In 1817, James Parkinson described the symptoms of the shaking palsy, a disease that was subsequently defined in greater detail, and named after Parkinson, by Jean-Martin Charcot. Parkinson expected that the publication of his monograph would lead to a rapid elucidation of the anatomical substrate of the shaking palsy; in the event, this process took almost a century. In 1912, Fritz Heinrich Lewy identified the protein aggregates that define Parkinson disease (PD) in some brain regions outside the substantia nigra.
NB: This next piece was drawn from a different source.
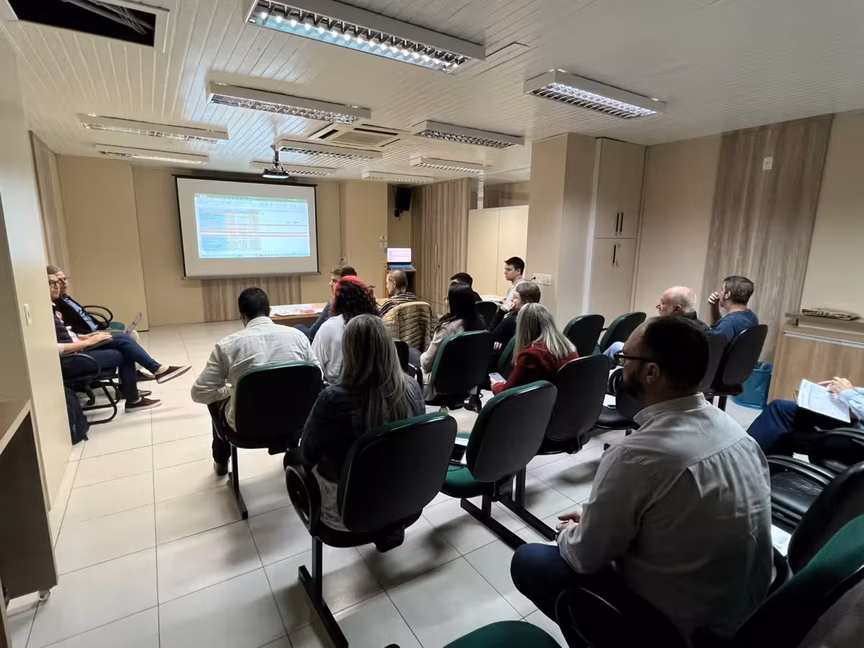 Estão presentes os membros da Unidade Executora do Projeto (UEP), coordenadores, o especialista em aquisições do banco internacional, membros da assessoria prevista em contrato para o acompanhamento da execução das obras, além de especialistas do projeto, da gestão financeira e também a coordenadoria geral de gestores, através de videoconferência.
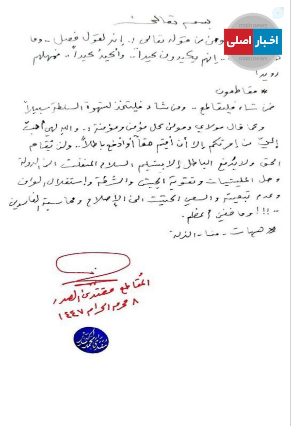 مقتدی صدر خواستار انحلال و خلع سلاح فوری حشدالشعبی شد! 🔹مقتدی صدر، رهبر جریان صدر در عراق، در اظهاراتی تازه خواستار تحویل تمامی سلاحها به دولت عراق و انحلال گروههای شبهنظامی شد.🔹صدر اعلام کرد که باید نهادهای ارتش و پلیس تقویت شوند و تمامی سلاحها تنها در اختیار دولت عراق قرار گیرد.

In 1919, Konstantin Nikolaevich Tretiakoff found similar aggregates in the substantia nigra and named them after Lewy. In the 1990s, α-synuclein was identified as the main constituent of the Lewy pathology, and its aggregation was shown to be central to PD, dementia with Lewy bodies, and multiple system atrophy. In 2003, a staging scheme for idiopathic PD was introduced, according to which α-synuclein pathology originates in the dorsal motor nucleus of the vagal nerve and progresses from there to other brain regions, including the substantia nigra. In this article, we review the relevance of Lewy's discovery 100 years ago for the current understanding of PD and related disorders.

Key Points

  • 100 years ago, Fritz Heinrich Lewy used light microscopy to describe the nerve cell inclusions that are characteristic of Parkinson disease (PD)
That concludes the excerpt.